Taxes

How sunsetting tax laws could impact your giving

The Tax Cuts and Jobs Act (or TCJA), enacted in December 2017, brought a wave of changes to the tax landscape in which charities and generous givers operate. As several of its provisions are set to expire at the end of 2025 and Congress considers what’s next, NCF is following the developments to see how this might impact your giving.

Here are a few things we’re watching as we wait to see if the TCJA will be extended, replaced, or allowed to expire.

Ordinary income tax rates

The TCJA adjusted the rate tables for individuals’ ordinary income tax, and it reduced the maximum rate from 39.6% to 37%.  Counterintuitively, a return to a top rate of 39.6% will mean that donors with a high level of ordinary income may be able to give a bit more and end up at the same net income level. In other words, a charitable deduction that offsets ordinary income taxed at 39.6% will generally have a greater impact than if it offsets income taxed at 37%, allowing certain donors to give more and end up in the same place.

60% charitable deduction limit for cash gifts

Before 2017, the charitable deduction was limited so that it could only be claimed against 50% of a donor’s adjusted gross income (AGI). The TCJA added 10% to that, meaning that a donor who itemizes deductions can deduct up to 60% of AGI if deducting only cash gifts. Without legislative action, 2026 will bring a return to the 50% level.

Certain deductions and the Pease Limitation

The TCJA suspended or limited numerous deductions and eliminated the Pease Limitation. These are set to return in 2026. All else being equal, increasing the number or amount of deductions donors can claim should have the corresponding effect of making more dollars available for their charitable goals. The Pease Limitation reduced total itemized deductions of certain taxpayers by an amount calculated according to a formula. Because of the way the formula worked, this didn’t usually impact donors’ charitable deductions when they also had other deductions. Its return will cause tax preparers and charitable gift planners to refresh their memories on how it works, its impact on the charitable deduction, and whether it impacts a specific donor at all.

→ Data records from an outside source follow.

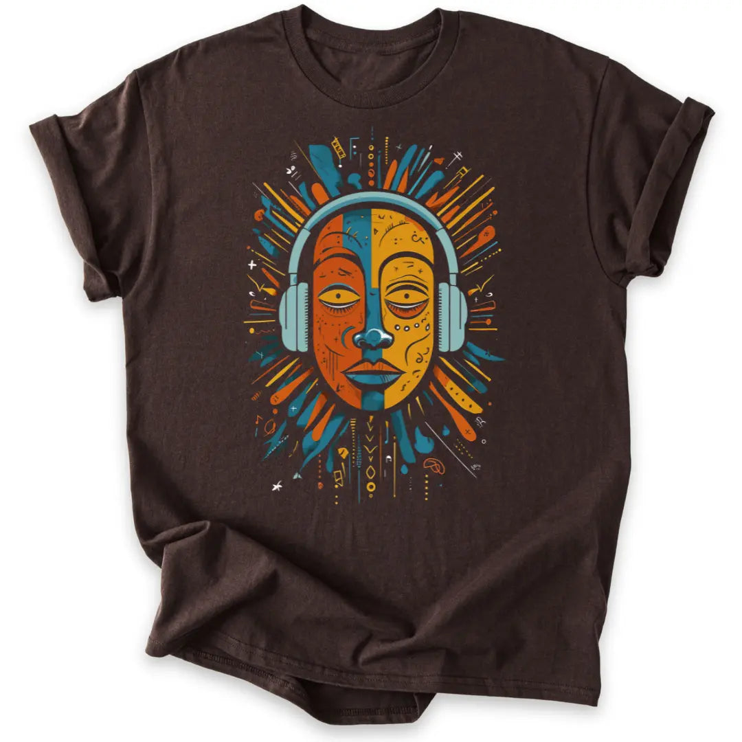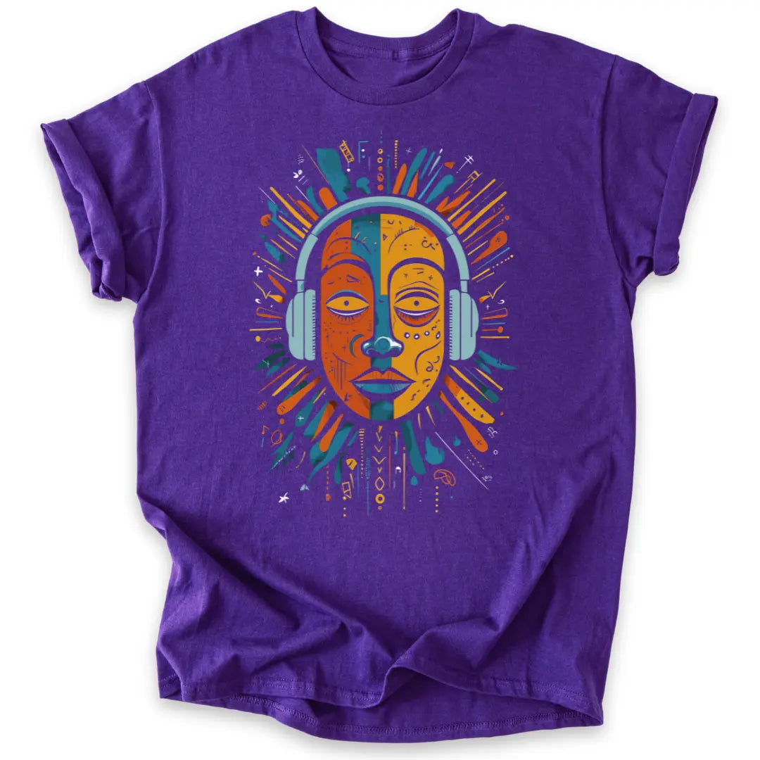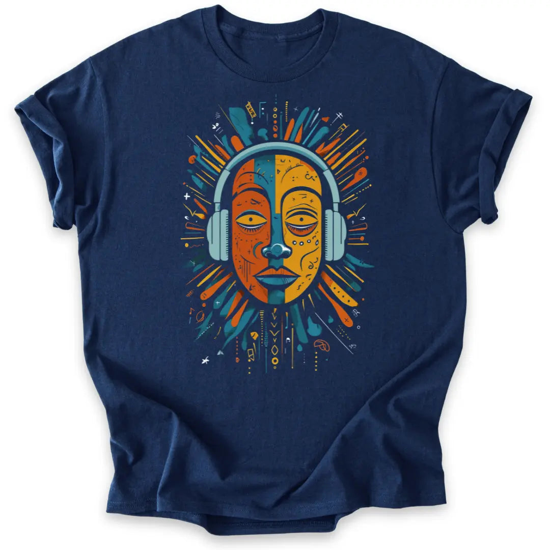 Dieses T-Shirt zeigt ein kraftvolles Maskenmotiv mit Kopfhörern, umgeben von bunten Rhythmen und Klangzeichen.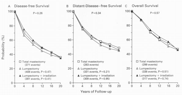 NSABP的另一项随机临床研究从1976年开始比较完全乳房切除术,单纯肿块切除术,和肿块切除术加上放射治疗对于侵入性乳腺癌的长期效果。有超过一千八百名妇女参加,近半数参加的病人肿瘤在2厘米以上,或有阳性淋巴结。他们发现三者在长期生存率(二十年)上没有显著差别。进一步的分析发现肿块切除术加上放射治疗显著减少了由乳腺癌所导致的死亡,但由于放射治疗所导致的其它死亡的增加部分抵消了这个差别[3]。1995年发表的由早期乳癌协作组(EBCTCG)所进行的相似的研究也发现乳房切除术与保留乳房的手术加上或不加放射治疗在十年生存上没有显著差别,2000年,早期乳癌协作组也发现了手术加放射治疗能减少由乳腺癌所导致的死亡,但同样导致了其它死亡的增加,二者相抵[2]。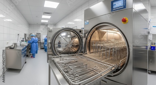 Surgical Instrument Sterilization Room with Stainless Steel Autoclaves and Medical Personnel in Blue Scrubs Clean and Tiled Facility Highlight Surgical Instruments and Medical Equipment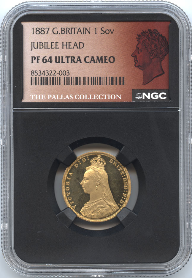 イギリス 1ソボレン金貨・プルーフ 1887 ヴィクトリア(1837-1901) ジュビリー NGC-PF64 ULTRA CAMEO プール・未使用品 【発行枚数797枚】
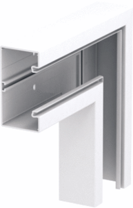Obo verticaal hoekstuk wandgoot, kunststof, wit, (dxb) 70x130mm, oppervlaktebescherming geen (onbehandeld), bodemperforatie, 1 deksels, met beschermfolie, hoek 90°, uitvoering basisdeel, symmetrisch, dekselbreedte 1 80mm, richting stijgend/vallend, kwaliteit polyvinylchloride (PVC), RAL-nummer 9001,
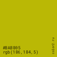 Цвет #BAB805 в цветовой модели RGB обозначается тремя октетами (186, 184, 5) в десятичном формате и #BAB805 в шестнадцатиричном (hex) формате, которые являются интенсивностью красного 186 (hex BA), интенсивность зелёного 184 (hex B8) и интенсивность синего 5 (hex 05).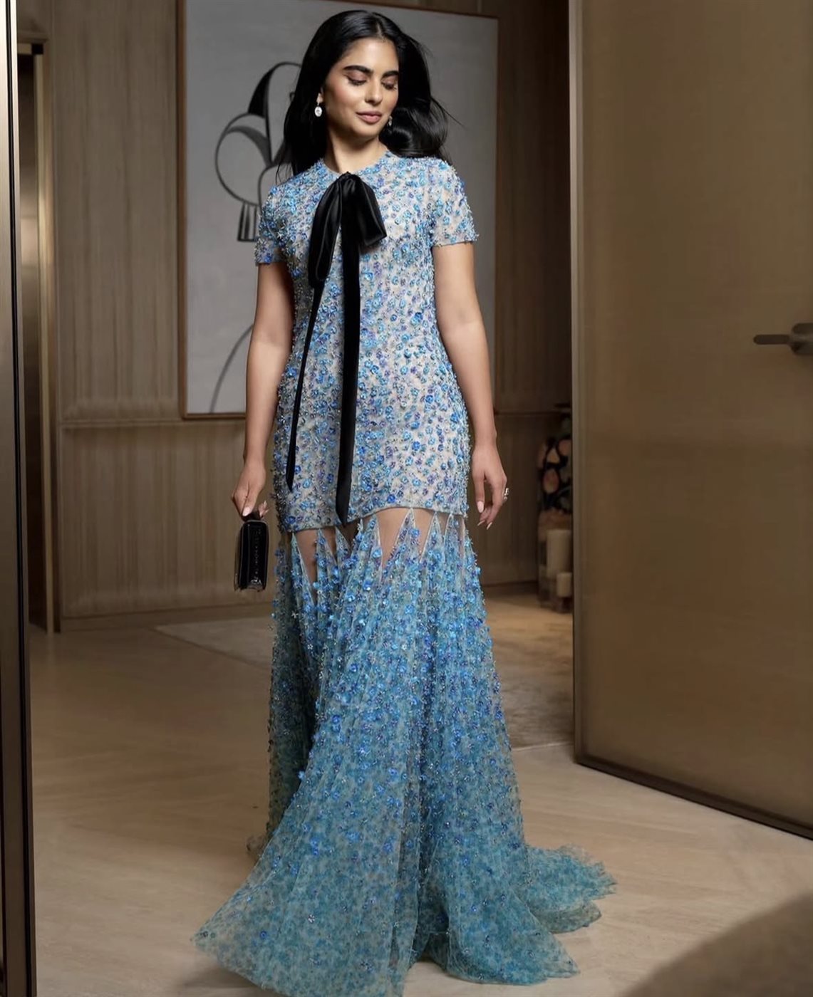 أما في حفل ما بعد الإطلاق فاختارت فستانا أسود أنيقا جاء بتصميم ضيق من الأعلى وواسع من الأسفل وظهرت برفقة إيشا أمباني حيث التقطتا الصور سويا واختتمتا اللقاء بعناق ودي لاقى تفاعلا كبيرا.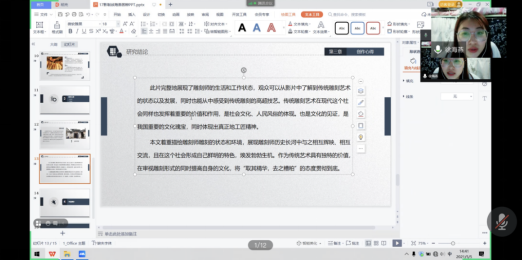 答辩采取指导教师回避制。学生首先在线演示PPT,阐述毕业创作的选题依据、设计思路、创作方法、创新点、经验总结等。利用8分钟的时间对毕业创作进行全面的陈述和展示。答辩小组老师逐一进行点评和提问,就存在的主要问题提出了修改意见或建议,学生在线并逐一回答答辩成员提出的问题。

Qualified Business Income Deduction

The qualified business income (QBI) deduction allows certain business owners to deduct up to 20% of their qualifying income. This deduction is not only for individuals but for any taxpayers other than corporations. Charities that are organized as trusts are eligible for this when they own pass-through businesses producing unrelated business income that is also QBI. The sunsetting of the QBI deduction would leave the charities that claim it with fewer resources for their charitable activity. It may also have an indirect impact on charities through some donors’ reduced capacity for generosity.

Standard Deduction

The TCJA made up for its suspension of certain personal exemptions and deductions by almost doubling the standard deduction (which is indexed for inflation). In 2025, it ranges between $15,000 and $30,000. Many in the philanthropic community believe that a lower standard deduction, which causes more people to itemize their deductions, actually increases charitable giving by providing an extra incentive to give more. In any event, if a change to the standard deduction lowers the threshold for itemizing charitable gifts, many givers may want to revisit their giving strategy.

Child Tax Credit

The child tax credit was doubled by the TCJA. Reducing it to prior levels could put additional pressure on the finances of families that use the credit, thus pinching their ability to give more generously.

Gift and Estate Tax

The gift and estate tax basic exclusion amount – the amount a person can give to family members and other non-charities without incurring tax – was increased to $10,000,000 (indexed for inflation – $13,990,000 in 2025). This increase is set to sunset at the end of 2025, essentially reducing the exclusion amount to half of the current number. If this happens, people will be able to give less to non-charitable beneficiaries and more estates will be taxable.

Taxpayers who have maximized their exclusion amount are often faced with a question: Whose social programs do they want to support with the remaining portion of their estate –  those of the federal government or the specific ones that are near to their heart?  Givers with favorite charities often decide to increase the estate (testamentary) gifts to these charities rather than pay more tax. Reducing the gift and estate tax exclusion amount will mean that donors face this question sooner, and they may want to give more to their favorite charities as they update their estate plans.

The TCJA also included provisions that do not sunset. While they’re called permanent provisions, that does not mean they cannot change. There have been rumors through the years that raise the question of whether some permanent provisions will be part of negotiations on a new tax bill. Some that we are watching include:

  • The reduction of the corporate tax rate to 21%
  • The extension of the carried interest holding period to three years before having long-term capital gain treatment

Sunsetting is automatic. We expect changes at the beginning of the 2026 tax year even if Congress fails to pass a tax bill, and we expect those changes to impact charitable giving. But, we know that givers with NCF give because they have hearts of generosity and desire to see lives reached and restored in the name of Jesus. While we wait, we pray that the changes provide opportunities for even more charitable impact to the glory of God.